RL-Sim-Framework/README.md

# RL-Framework

A small, fast RL framework for training sim2real policies on a 3D-printed
rotary (Furuta) cartpole — built to scale from a laptop CPU to a GPU worker
(ClearML) without code changes, and to grow into more robots and simulators.

## Architecture

Three orthogonal pieces, composed by Hydra config groups:

| Piece | Role | Implementations |
|---|---|---|
| **Env** (`src/envs/`) | Task logic: obs / reward / termination / init distribution. Pure torch, batched, backend-agnostic. | `rotary_cartpole` |
| **Runner** (`src/runners/`) | Physics + sim2real plumbing (DR, sensor noise, action delay, history buffer). | `mujoco` (CPU), `mjx` (GPU/JAX), `serial` (real ESP32 robot) |
| **Trainer** (`src/training/`) | skrl PPO + shared MLP with optional history encoder. | `ppo`, `ppo_mjx`, `ppo_single`, `ppo_real` |

The robot itself is described once in `assets/<robot>/robot.yaml`
(URDF + identified motor model) and shared by **training, sysid and
deployment** — the motor model (bias → deadzone → gear compensation,
Coulomb + Stribeck friction, viscous damping, first-order lag) is
implemented in `src/core/robot.py` and mirrored exactly in the MJX JIT
step (`src/runners/mjx.py`).

## Train

```bash
# CPU (64 parallel MuJoCo envs)
python scripts/train.py env=rotary_cartpole runner=mujoco training=ppo

# GPU (1024 MJX envs) — local
python scripts/train.py env=rotary_cartpole runner=mjx training=ppo_mjx

# GPU — remote on ClearML gpu-queue
python scripts/train.py env=rotary_cartpole runner=mjx training=ppo_mjx training.remote=true
```

Videos and scalars stream to ClearML. Checkpoints land in `runs/`.

## Sim2real recipe

1. **Capture** real trajectories: `python -m src.sysid.capture` (writes `.npz` to `assets/<robot>/recordings/`).
2. **Identify** physics: `python -m src.sysid.optimize --robot-path assets/rotary_cartpole --recording <capture>.npz`
   — CMA-ES fits inertials/joint dynamics against the recording (motor model is locked from the unified sysid).
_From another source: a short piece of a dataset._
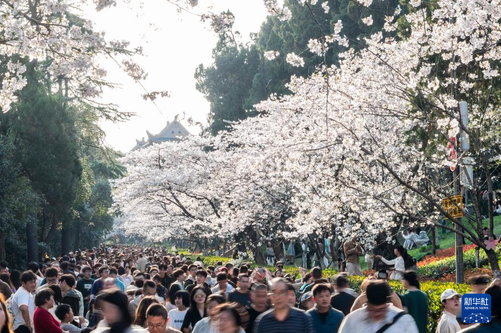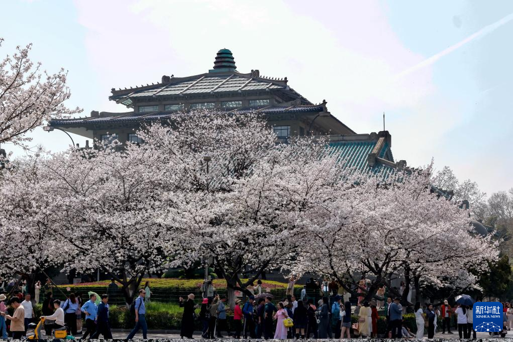 3月24日,游人在武漢大學(xué)校園內(nèi)觀賞櫻花。

Writes `sysid_result.json` + `robot_tuned.yaml` + `*_tuned.urdf`.
3. **Validate** the fit: `python -m src.sysid.visualize`, then copy `robot_tuned.yaml` → `robot.yaml`.
4. **Train with DR + history**: the runner randomizes friction/damping/torque scales, sensor noise and action latency per episode (`configs/runner/mjx.yaml: domain_rand`), and appends a 10-step (obs, action) history to the observation so the policy can implicitly identify the current dynamics (`history_length`).
5. **Deploy**: `mjpython scripts/eval.py env=rotary_cartpole runner=serial checkpoint=runs/<run>/checkpoints/agent_X.pt`

## Other tools

```bash
mjpython scripts/viz.py env=rotary_cartpole              # keyboard-drive the sim
mjpython scripts/viz.py runner=serial                    # digital twin of the real robot
python scripts/hpo.py env=rotary_cartpole training=ppo_single   # ClearML + SMAC3 HPO
pytest tests/                                            # unit tests
```

## Adding a robot / simulator

- **Robot**: drop `assets/<name>/` (URDF + `robot.yaml`), subclass `BaseEnv`
  (obs/reward/termination/`initial_state_ranges`), register in `src/core/registry.py`,
  add `configs/env/<name>.yaml`.
- **Simulator**: subclass `BaseRunner` and implement `_sim_initialize`,
  `_sim_step`, `_sim_reset` (full-batch return) — DR, history and the
  env-side logic come for free. Register in `scripts/train.py: RUNNER_REGISTRY`.